-- Records provided follows --

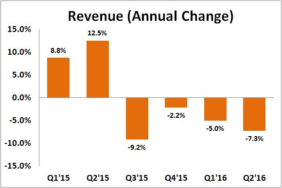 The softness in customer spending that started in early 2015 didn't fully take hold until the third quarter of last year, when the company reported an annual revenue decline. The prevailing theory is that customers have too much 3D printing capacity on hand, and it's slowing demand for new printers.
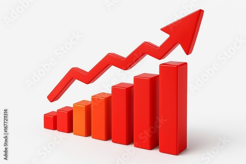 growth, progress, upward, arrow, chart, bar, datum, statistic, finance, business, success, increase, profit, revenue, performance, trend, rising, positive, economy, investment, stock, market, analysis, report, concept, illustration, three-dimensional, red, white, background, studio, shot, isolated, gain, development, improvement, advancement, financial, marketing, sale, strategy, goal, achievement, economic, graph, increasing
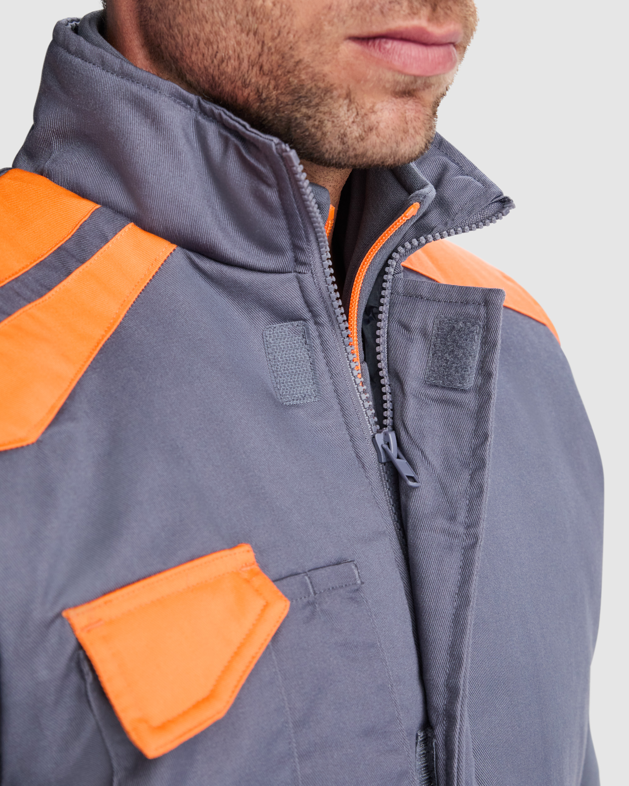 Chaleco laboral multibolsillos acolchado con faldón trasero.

-- Records provided concluded --
-- Records provided follows --

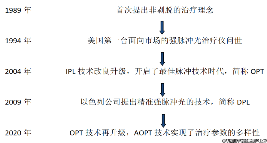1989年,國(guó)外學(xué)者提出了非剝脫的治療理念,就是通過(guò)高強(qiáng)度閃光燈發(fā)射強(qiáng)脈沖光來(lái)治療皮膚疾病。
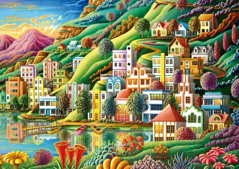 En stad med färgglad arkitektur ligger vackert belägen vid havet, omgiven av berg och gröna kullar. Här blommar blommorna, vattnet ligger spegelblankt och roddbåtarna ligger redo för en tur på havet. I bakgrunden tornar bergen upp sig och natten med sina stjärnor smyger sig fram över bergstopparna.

-- Records provided concluded --

What you should do - Copy exactly, without pictures, the lines above from the one with "1989年,國(guó)外學" down to the one with "En stad med", inclusive.

Answer box -
1989年,國(guó)外學(xué)者提出了非剝脫的治療理念,就是通過(guò)高強(qiáng)度閃光燈發(fā)射強(qiáng)脈沖光來(lái)治療皮膚疾病。
 En stad med färgglad arkitektur ligger vackert belägen vid havet, omgiven av berg och gröna kullar. Här blommar blommorna, vattnet ligger spegelblankt och roddbåtarna ligger redo för en tur på havet. I bakgrunden tornar bergen upp sig och natten med sina stjärnor smyger sig fram över bergstopparna.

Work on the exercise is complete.